By Ben Olson
More than 1,600 books across 32 states were banned during the 2021-2022 school year. In Idaho, 26 titles were banned across three school districts, underscoring a trend spearheaded largely by right-wing religious groups pushing for censorship of books that feature LGBTQ+ characters, as well as sexual and racial situations they deem inappropriate for children.
In an attempt to shed light on this development, I have pledged to read all 26 books banned last year in Idaho and share with our readers what they are all about, why they were likely banned and what we are missing by promoting censorship of the written word.
American novelist Jonathan Safran Foer is perhaps best known for his debut novel Everything is Illuminated, released in 2002, but is slowly gaining more recognition for Extremely Loud & Incredibly Close after it has been recognized as one of the most banned books in America during the last decade.
Safran Foer was born into a Jewish family in Washington, D.C. and was a self-described “flamboyant” and “sensitive” child who said he suffered, “something like a nervous breakdown” after a chemical accident in his classroom at the age of 8. As a result, Safran Foer always felt like he wanted to be “outside his own skin.”
Safran Foer took an introductory writing course with Joyce Carol Oates, who took an interest in his writing.

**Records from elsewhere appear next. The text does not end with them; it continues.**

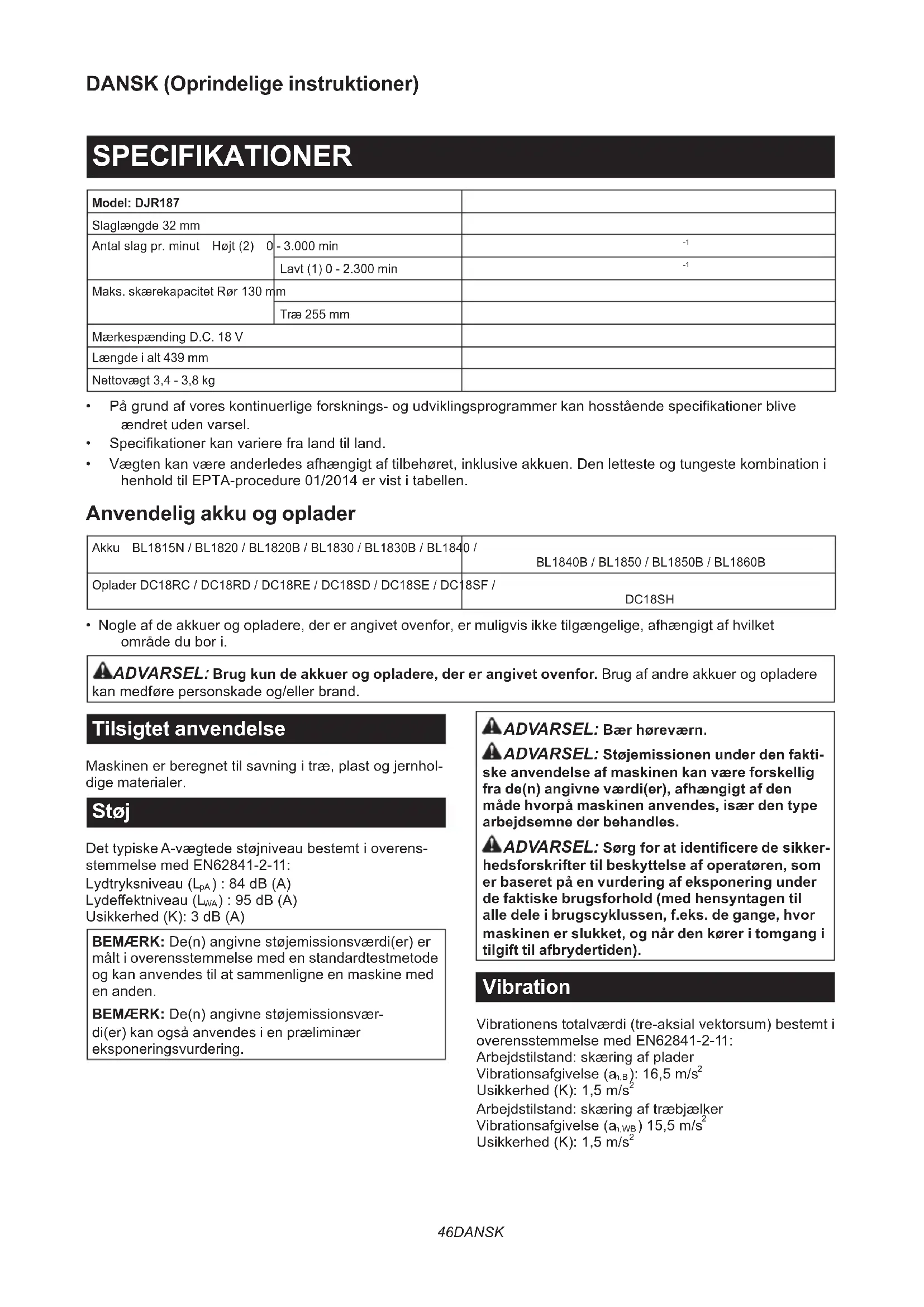 - Nogle af de akkuer og opladere, der er angivet ovenfor, er muligvis ikke tilgængelige, afhængigt af hvilket områdedubori. ADVARSEL: Brug kun de akkuer og opladere, der er angivet ovenfor. Brug af andre akkuer og opladere kanmedførepersonskadeog/ellerbrand. Tilsigtet anvendelse Maskinenerberegnettilsavningitræ,plastogjernhol- dige materialer. Støj DettypiskeA-vægtedestøjniveaubestemtioverens- stemmelsemedEN62841-2-11: Lydtryksniveau(L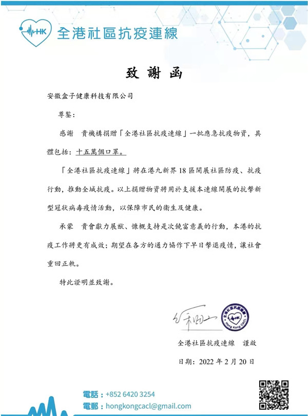 據悉,此批抗疫物資由“全港社區抗疫連線”代表接收。“全港社區抗疫連線”為此專門發來感謝信表示,“全港社區抗疫連線”會將此批物資用於全港抗擊新冠疫情活動,支持香港市民全力抗疫,確保市民的衛生健康。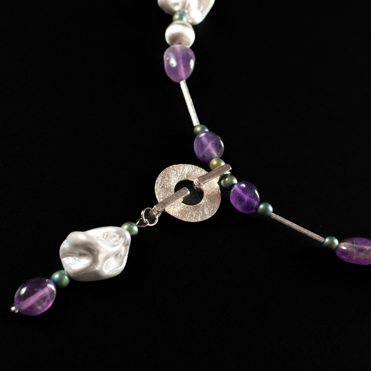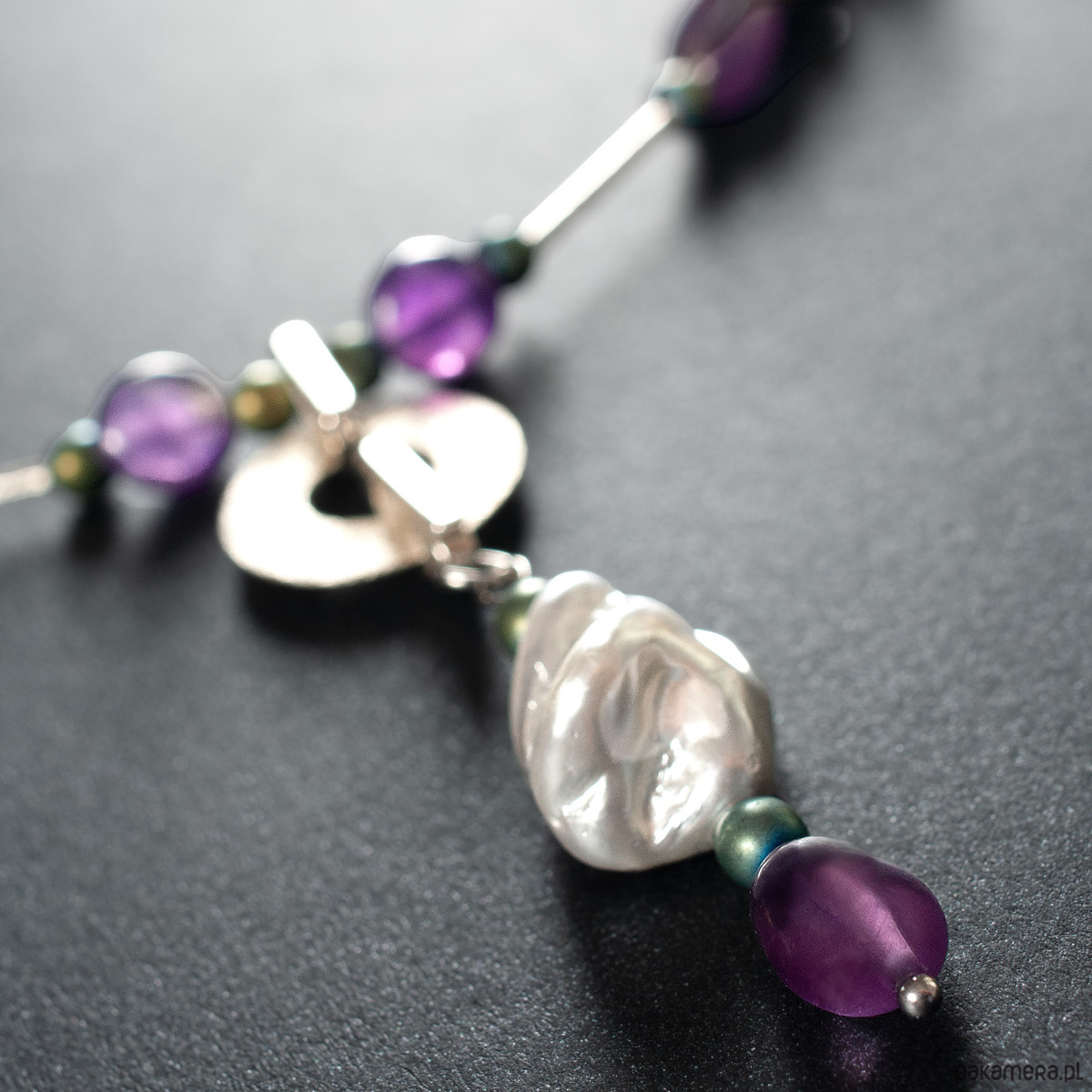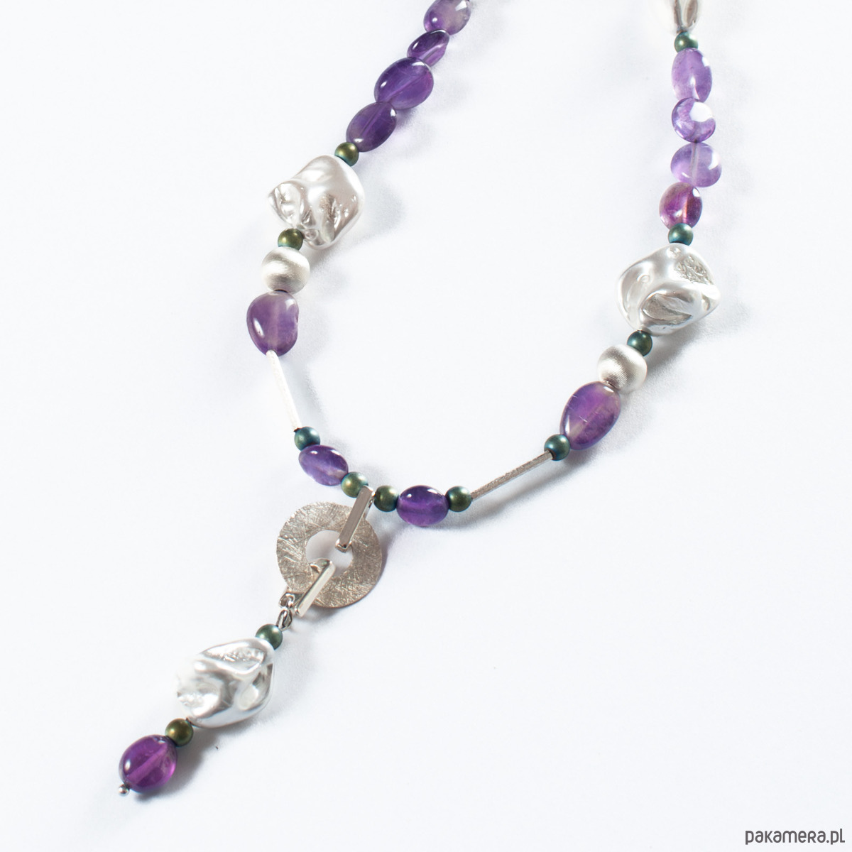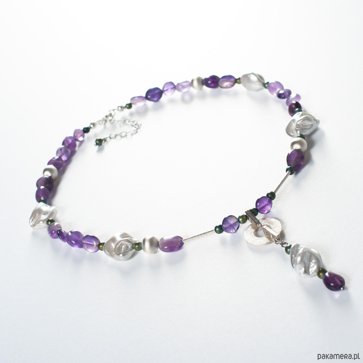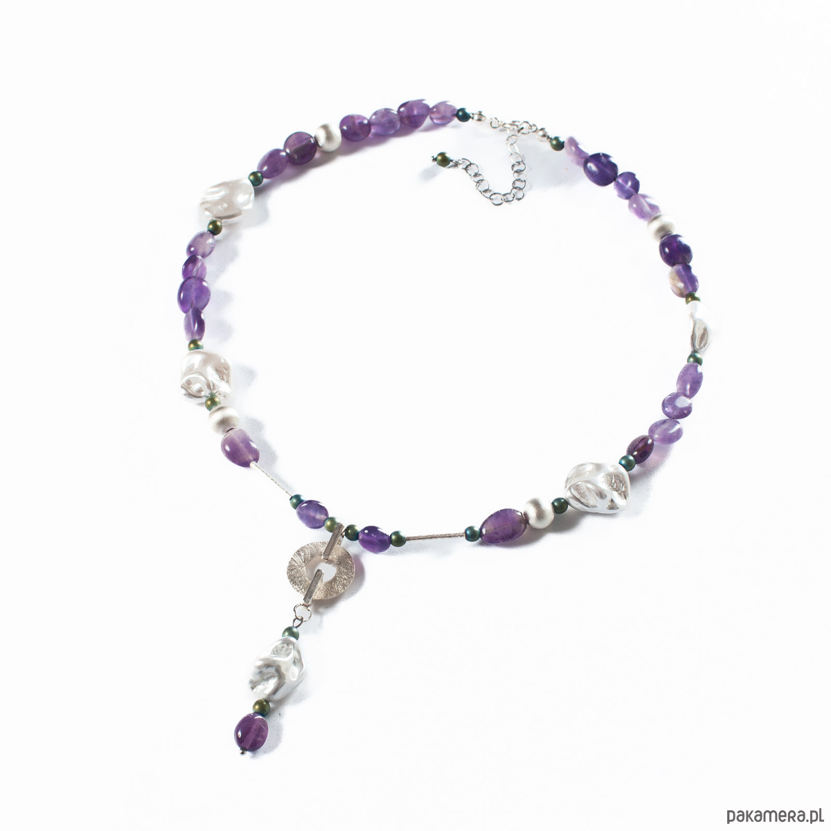 Naszyjnik z kolekcji JESTEŚ PERŁĄ z ametystami, nieregularnymi perłami seashell, hematytami i srebrem 925. Długość naszyjnika 42 cm + 5 cm - łańcuszek przedłużka. Naszyjnik wykonany ręcznie według własnego projektu w pracowni Anillito. Biżuterię przesyłamy w eleganckim kartoniku.

“My life really changed after that,” he said later.
After graduating from Princeton in 1999, Safran Foer briefly attended medical school before dropping out to pursue his writing career full time. To date, he has published four novels and three works of nonfiction.
Extremely Loud & Incredibly Close is Safran Foer’s second novel, using the events of the 9/11 terrorist attack as the backdrop for the story. The protagonist is 8-year-old Oskar Schell, who learns how to deal with the death of his father in the attack on the World Trade Center.

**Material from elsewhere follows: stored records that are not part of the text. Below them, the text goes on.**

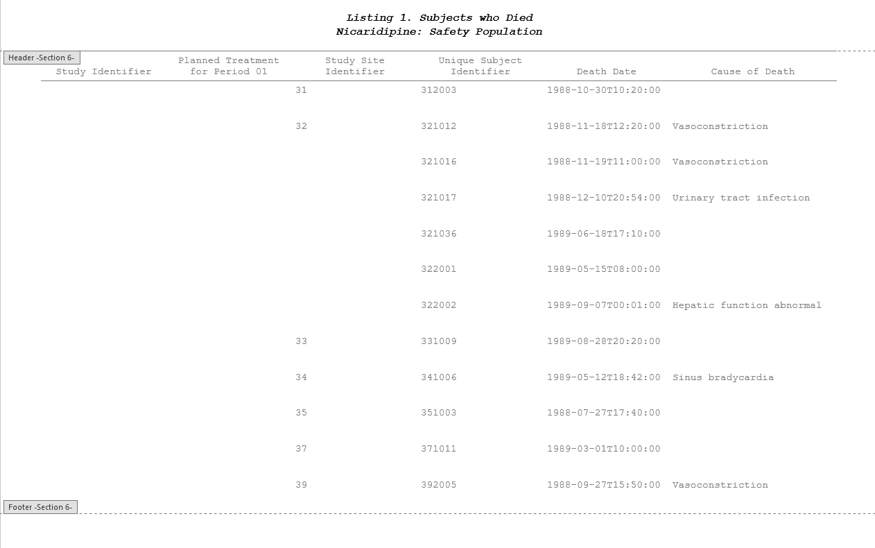 Running DSUR/PSUR Report for the Nicardipine study using default settings, generates the Report shown below.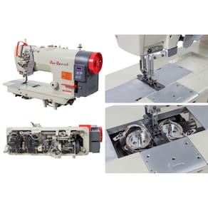 Máquina de costura industrial pespontadeira alternada para confecção de vestuário com tecidos leves e médios.
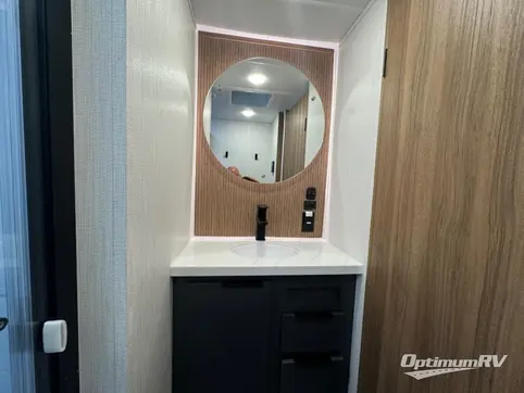 The whole family will love camping in this fifth wheel! It has everything you could need and then some, like the two full bathrooms and bedrooms. The front private bedroom has a queen bed with a wardrobe slide and a closet prepped to add a washer and dryer. The second bedroom has a queen bed slide that can be switched out for an optional sofa and a desk with TV prep, wardrobes, and a loft above it all, plus it has access to a full bathroom that also has one of the dual entry doors for easy access to the outdoors. The kitchen and living area will have you feeling right at home with a kitchen island, a 55" Smart TV and fireplace with hidden storage. There is even a wine rack and coffee bar for everyone to enjoy their favorite beverages. Enjoy your meals at the free standing table with four chairs. The residential furniture has footrests, hidden cup holders, and USB charging ports to keep your electronics at 100%!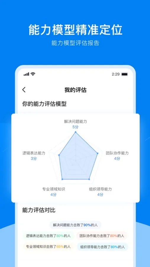 4 评估报告:导师根据学员上的评估课的结果出能力评估报告,根据报告的能力评估模型和能力评估对比给学员规划课程和学习建议。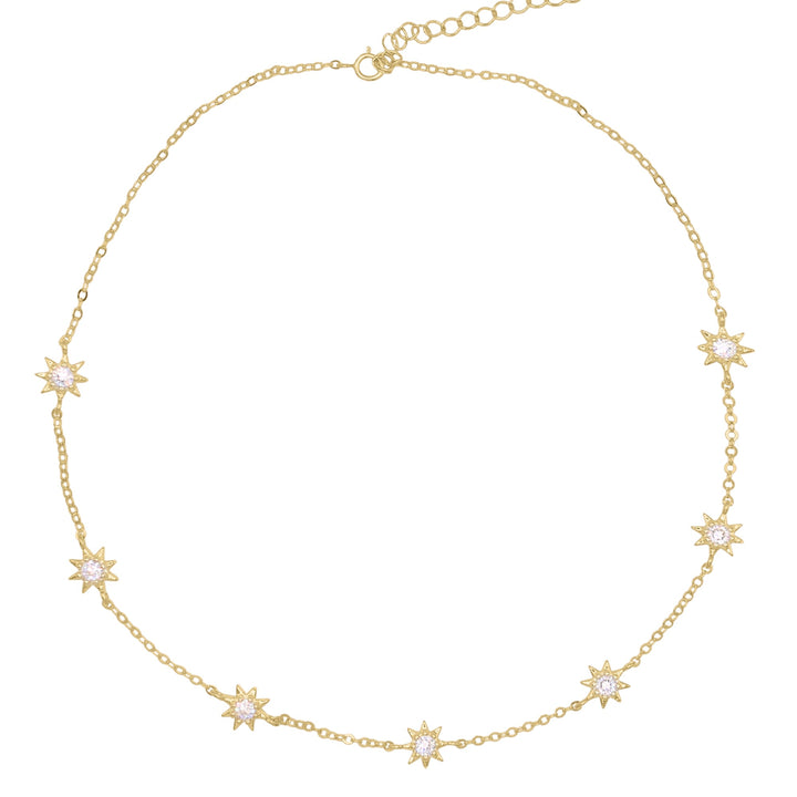 Crafted from 18k gold-plated 925 sterling silver, this choker features five 8mm x 8mm star charms and 5A cubic zirconia stones. The chain is 33cm long with a 10cm extender.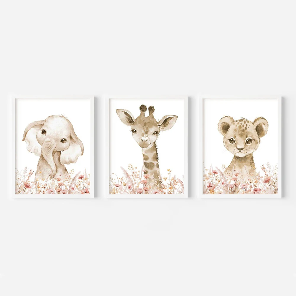 Add charm and whimsy to any space with this Nordic Animal Canvas Print, featuring adorable elephant, giraffe, and cat illustrations accented with pink flowers. Perfect for nurseries, kids’ rooms, or modern living rooms, this canvas brings warmth, color, and playful energy to walls.

The novel follows multiple interconnected storylines, and is filled with odd additions that give it a surreal format both lauded and panned by critics.
Oskar’s dad owned a jewelry store and had a meeting at the World Trade Center the morning of Sept. 11, 2001. He subsequently died in the attacks, though his body was never recovered, and the book centers around Oskar’s peculiar way of dealing with his sudden grief.
While Oskar is extremely intelligent, he’s also clearly on the autistic spectrum and doesn’t process things like everyone else. His dad left a series of messages on the answering machine prior to the towers falling, adding guilt to Oskar’s grief because he didn’t pick up the final call right before the towers came down.
While rummaging through his dad’s things, Oskar comes across an envelope in his dad’s closet with a key inside of it. In an effort to feel close to his father again, Oskar embarks on a journey with the key, attempting to find the lock it fits.
Alongside Oskar’s story is a dual narrative about his grandparents, who tell their own tale through a series of letters sprinkled throughout the novel.
The dual storylines are at times brilliant, but can also be confusing and, dare I say, pretentious. What’s most powerful about this novel is the ability for Oskar to say and do whatever is on his mind without a filter, culminating in sections that are heartbreaking, hilarious, insightful and downright gut-wrenching at times.
Why it was banned
Extremely Loud & Incredibly Close has been banned in multiple school districts across America for most of its time in print. Reasons vary, but the consensus largely centers around several passages in the book that were “extremely vulgar detailing sexual acts.” Other reasons found online at several banned book sites are for the inclusion of “profanity, sex and descriptions of violence.”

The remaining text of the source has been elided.